On disttags (was: Choosing rpm-release for fc1 and fdr add-on rpms)

Michael Schwendt fedora at wir-sind-cool.org
Wed May 12 14:10:33 UTC 2004


On Wed, 12 May 2004 15:44:53 +0200, Ralf Corsepius wrote:

> All I read on the "old Fedora Project" home page
> (http://www.fedora.us/wiki/PackageNamingGuidelines) is:
> ...
> C-4. Dist tag
> ...
>   0.fdr.%{X}.%{disttag}
> ...
> 
> AFAIS, this doesn't match with what Fedora.US currently ships: 

It does. %{disttag} is the target distribution and evaluates to rh80,
rh90, 1, 2, and so on. %{X} is what you increase with each package
revision. Example:

  foo-1.0-0.fdr.4.rh80

%X = 4
%disttag = rh80
 
> It also does not seem to cover conventions on
> * Replacement packages

Do you mean upgrades of what is included within Fedora Core?
Obviously, %release must be higher than the current %release of
the package in Fedora Core, but preferably lower than the next
security Update.

> * 3rd party add-on packages
> both wrt. FedoraCore/RedHat and FedoraCore/RedHat+Fedora.US.
> 
> In my understanding, for replacement packages the "leading 0" must match
> the FC/RH version the package is supposed to replace, while third party
> packages are supposed to use a custom %{disttag}, while leaving the rest
> of the Fedora.US release-tag intact.

That part I didn't understand. What is a "replacement package"?
 
> Let's try to apply the GuideLines to an example:
> A package of mine requires perl-XML-LibXML-Common.
> 
> Neither Fedora Core 1 nor Fedora.US ship perl-XML-LibXML-Common, but
> Fedora Core 2 has it. There is a package proposal pending for months in
> Fedora.US's QA to add perl-XML-LibXML-Common to Fedora.US/FC1, but ATM
> it is not available for FC1.

Then review and approve Ville's package.
 
> As I want to release my "pkg" for FC1 *now*, I'd have to release a
> perl-XML-LibXML-Common legacy package for FC1 *now*. However, I actually
> do not want to maintain a perl-XML-LibXML-Common myself and want the
> Fedora.US/FC1-Extras package to replace mine, once it will/should be
> released.
> 
> How to choose the "release-tag" for my "temporary legacy package", that
> an upgrade from FC1->FC2 will replace my perl-XML-LibXML-Common rpm with
> that shipped with FC2 and that a potential release of
> perl-XML-LibXML-Common by Fedora.US will replace my package?
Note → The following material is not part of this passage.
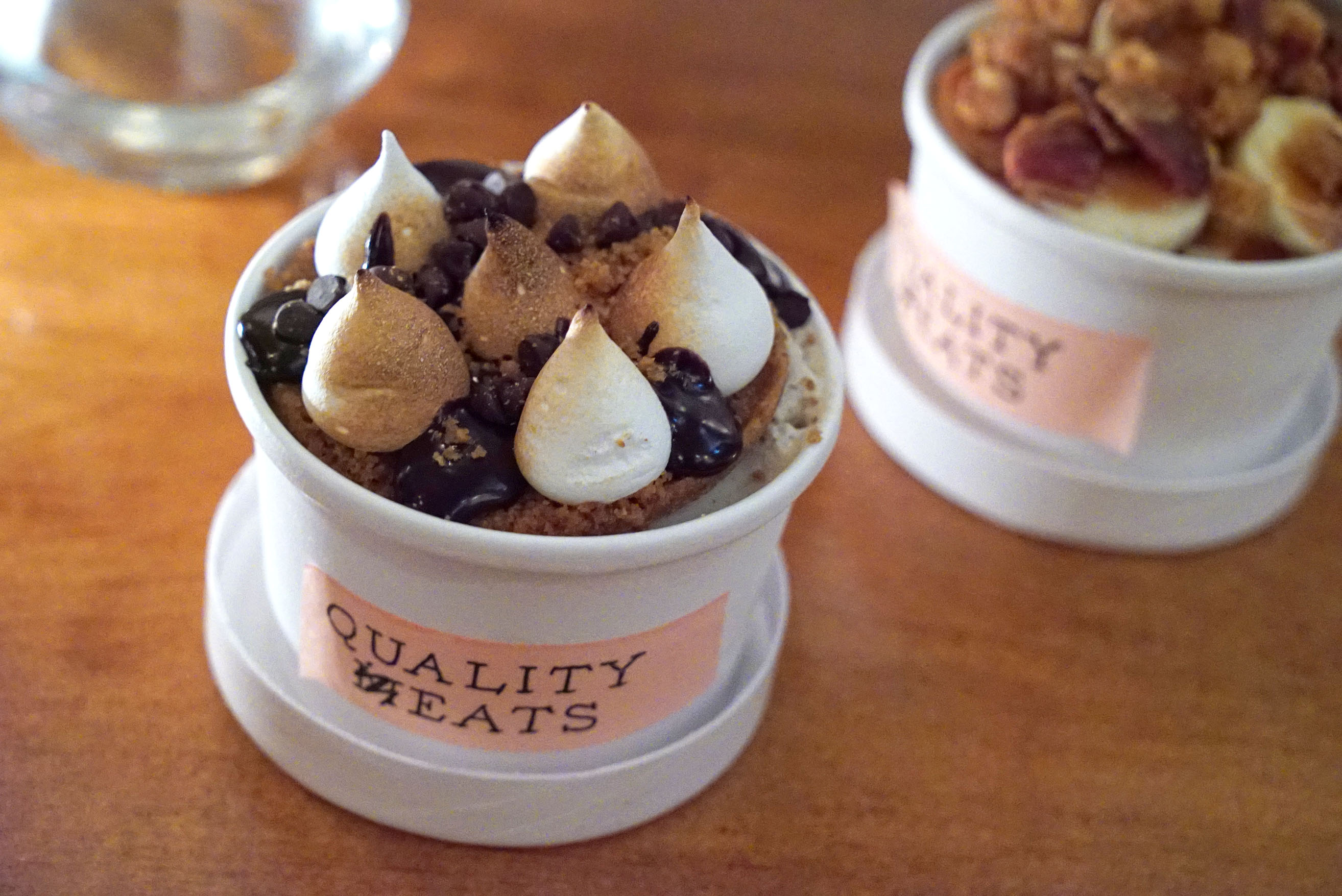 The dessert menu offered an array of interesting selections. We went with two ice cream items. First is my burnt marshmallow ice cream s’mores, with graham cracker shortbread, toasted marshmallows and a fudge swirl. Awesome. I declare that burnt marshmallow flavored ice cream needs to be in every grocery store, ASAP. Each bite tasted like a campfire or post-grilling snack.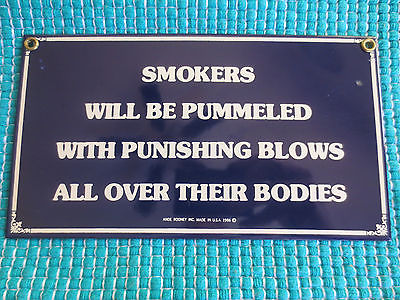 Vintage Porcelain Enameled Advertising SMOKERS WILL BE PUMMELED

Choose a %release lower than the current package in the queue and lower
than the package in FC2:

  perl-XML-LibXML-Common-0.13-0.fdr.4.ralf.1.1.rpm

Or choose the lowest %epoch:%version-%release possible. If you have doubts
that 0.13-0 is enough, as a last resort you could even decrease %version
to 0 and move the actual software version into the %release tag, e.g.
perl-XML-LibXML-Common-0-0.13.1.ralf to indicate that this is temporary
package only.

> * FC2 ships perl-XML-LibXML-Common-0.13-5.i386.rpm
> * Thereofore I'd expect a potential FC1-Extras/Legacy package to be
> named perl-XML-LibXML-Common-0.13-0.fdr.5.1.i386.rpm.
> 
> Now, which release-tag to use for my "temporary legacy package"?

Dist-tags are evil. Attempts at defining inter-repository release-tags
fail miserably as soon as multiple versions/releases of a package
exist and contain different %release tags. Even if you put "ralf"
at the very right, it would be included in EVR comparison and win
over tags like "fdr" or "lvn", but also over numerical ones.
 
> As it seems to me, the only functional solution for my purposes is:
> perl-XML-LibXML-Commmon-0.13-0.fdr.5.<char><*>.1.rpm
> 
> For example:
> perl-XML-LibXML-Common-0.13.0-0.fdr.5.ralf.1.1.rpm

Yes, just with 4, not 5.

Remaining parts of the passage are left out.